EXERCISE DETAILS:
Under this line are the records; repeat exactly the lines starting at the one containing "Woman points arms" and ending at the one containing "Up to 867Mbps", omitting pictures.

Records from a data collection:
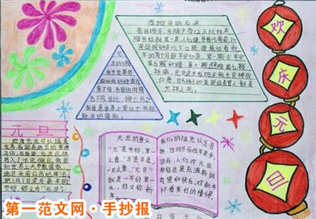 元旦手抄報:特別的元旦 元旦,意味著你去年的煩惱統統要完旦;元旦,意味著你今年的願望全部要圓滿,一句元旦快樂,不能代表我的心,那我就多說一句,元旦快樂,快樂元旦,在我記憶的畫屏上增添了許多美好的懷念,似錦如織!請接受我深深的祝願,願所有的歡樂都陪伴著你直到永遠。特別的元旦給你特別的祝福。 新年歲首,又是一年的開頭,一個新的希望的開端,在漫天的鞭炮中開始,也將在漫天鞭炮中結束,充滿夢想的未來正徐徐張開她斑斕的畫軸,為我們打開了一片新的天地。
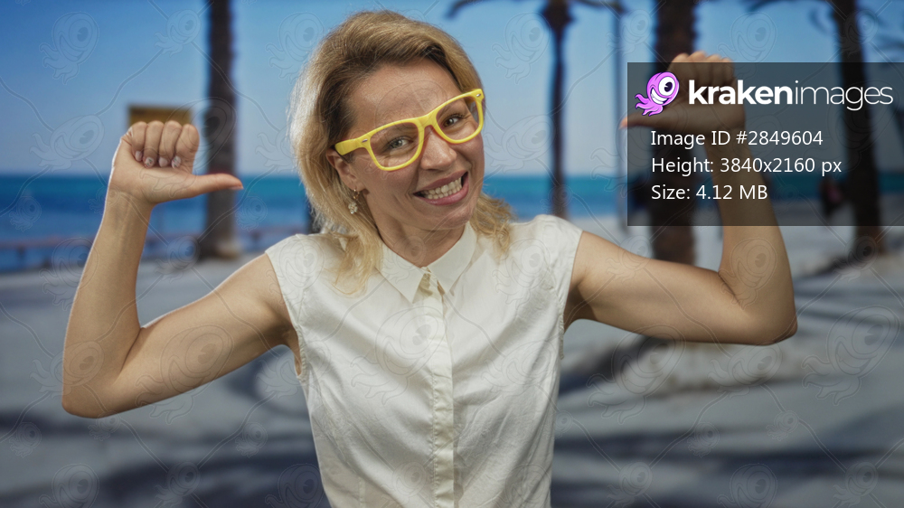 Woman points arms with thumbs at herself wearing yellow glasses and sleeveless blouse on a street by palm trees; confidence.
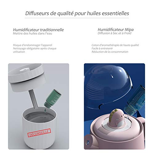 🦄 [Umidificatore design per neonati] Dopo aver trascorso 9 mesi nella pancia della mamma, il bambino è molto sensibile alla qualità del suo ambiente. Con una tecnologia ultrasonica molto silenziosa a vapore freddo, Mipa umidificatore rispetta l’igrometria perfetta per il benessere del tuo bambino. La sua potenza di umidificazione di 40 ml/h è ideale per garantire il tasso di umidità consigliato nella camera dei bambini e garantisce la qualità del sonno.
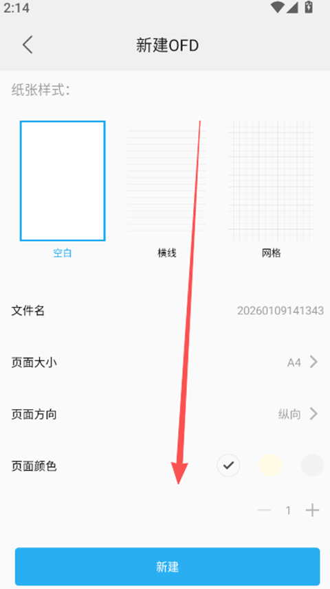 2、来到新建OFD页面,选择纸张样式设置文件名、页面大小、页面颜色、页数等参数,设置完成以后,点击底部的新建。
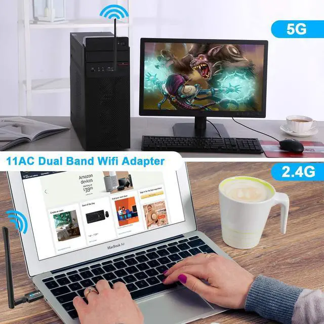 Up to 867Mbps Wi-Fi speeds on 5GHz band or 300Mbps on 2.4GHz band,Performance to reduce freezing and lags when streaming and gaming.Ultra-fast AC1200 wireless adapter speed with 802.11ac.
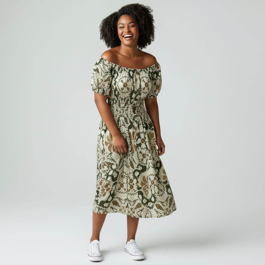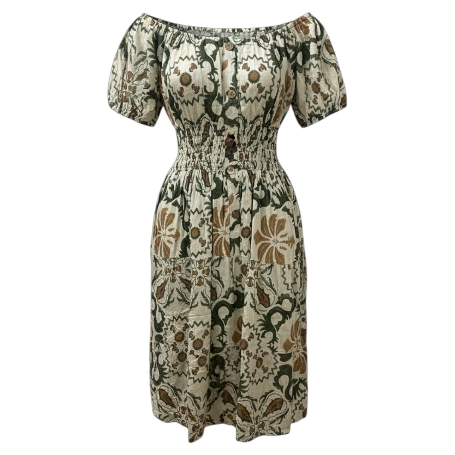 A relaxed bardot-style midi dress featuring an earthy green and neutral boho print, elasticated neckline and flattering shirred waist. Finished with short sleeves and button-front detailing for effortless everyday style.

ANSWER SECTION:
 Woman points arms with thumbs at herself wearing yellow glasses and sleeveless blouse on a street by palm trees; confidence.
 🦄 [Umidificatore design per neonati] Dopo aver trascorso 9 mesi nella pancia della mamma, il bambino è molto sensibile alla qualità del suo ambiente. Con una tecnologia ultrasonica molto silenziosa a vapore freddo, Mipa umidificatore rispetta l’igrometria perfetta per il benessere del tuo bambino. La sua potenza di umidificazione di 40 ml/h è ideale per garantire il tasso di umidità consigliato nella camera dei bambini e garantisce la qualità del sonno.
 2、来到新建OFD页面,选择纸张样式设置文件名、页面大小、页面颜色、页数等参数,设置完成以后,点击底部的新建。
 Up to 867Mbps Wi-Fi speeds on 5GHz band or 300Mbps on 2.4GHz band,Performance to reduce freezing and lags when streaming and gaming.Ultra-fast AC1200 wireless adapter speed with 802.11ac.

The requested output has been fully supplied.